We already looked through the list of Patriots free agents, and it’s not exactly sizable. The most notable offensive player on the list is running back LeGarrette Blount. The list of free agents gets a little messy next offseason, but we’ll examine that in due time.
Let’s look at the Patriots’ offensive offseason needs in order of greatest to least:
That this is the Patriots’ biggest offensive need speaks to the overall depth of the roster. Dion Lewis will be back from a torn ACL, and James White, Brandon Bolden and Tyler Gaffney currently are under contract. Lewis, if healthy, will be the starter, and Gaffney still has upside, despite missing his first two seasons to injury. White proved to be a solid pass-catching option if Lewis goes down again.
The Patriots might bring back Blount, but they also could use a bigger boost in the “big back” category through free agency or the draft.
Running back is a bigger need than offensive tackle because at least the Patriots have their starters in place on the line. They don’t currently have a starting-caliber running back on the roster.
The Patriots’ offensive line will be better when Nate Solder is healthy and Sebastian Vollmer can move back to right tackle, but they must improve the backup spot. Marcus Cannon struggled all season, and his issues were compounded in the AFC Championship Game loss to the Denver Broncos, when he let Von Miller crush quarterback Tom Brady time and time again.
The Patriots are all set at the “Z” receiver spot with Julian Edelman and with the No. 4 role in Keshawn Martin. There’s some uncertainty at the “X” and “slot,” however.
Brandon LaFell was passed by Martin on the depth chart in the AFC Championship Game, and his salary-cap number is nearly $2 million higher. The Patriots could bring LaFell back in 2016 to see if a fully healthy offseason recharges him. LaFell began the season on the PUP list and missed all of training camp with a foot injury.
Amendola, on the other hand, almost certainly needs to restructure his contract. His cap hit is $6.8 million, which is higher than Edelman’s and tight end Rob Gronkowski’s. That’s an issue.

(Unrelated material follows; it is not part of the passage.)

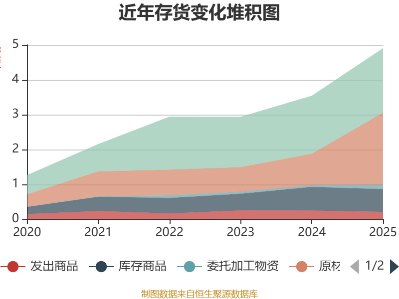 从存货变动来看,截至2025年末,公司存货账面价值为4.9亿元,占净资产的60.78%,较上年末增加1.36亿元。其中,存货跌价准备为1192.43万元,计提比例为2.37%。

Even if Amendola and LaFell are back, the Patriots could use some competition at the Nos. 2 and 3 roles. Turning to free agency would be the safest bet, though the Patriots could take another shot in the draft.
Obviously we’re not talking about a starting-caliber player here because the Patriots have Rob Gronkowski, but Scott Chandler didn’t exactly pan out as another pass-catching option in the offense. Michael Williams is a solid blocker but isn’t athletic enough to be productive as a receiver. A.J. Derby, drafted in the sixth round in 2015, missed all season with an injury and isn’t a sure-thing in 2016.
Ideally, the Patriots would find a tight end who can coexist with and serve as depth for Gronkowski.
The Patriots are bringing back Josh Kline, Tre’ Jackson and Shaq Mason at the position. Kline was fantastic early in the season but struggled coming off a shoulder injury. Jackson and Mason were up and down. The Patriots should be set at guard, but they’ll need additional depth in training camp. It wouldn’t be unheard of for a second-year, fourth-round pick to be passed on the depth chart and cut out of training camp — it happened to offensive tackle Cameron Fleming in 2015.
Bryan Stork is the incumbent starter and David Andrews proved to be solid early in the 2015 season. Kline also has experience at center.
The Patriots will need to add a third quarterback for training camp, but with Tom Brady and Jimmy Garoppolo on the roster, that likely will be a low-level free agent or undrafted rookie.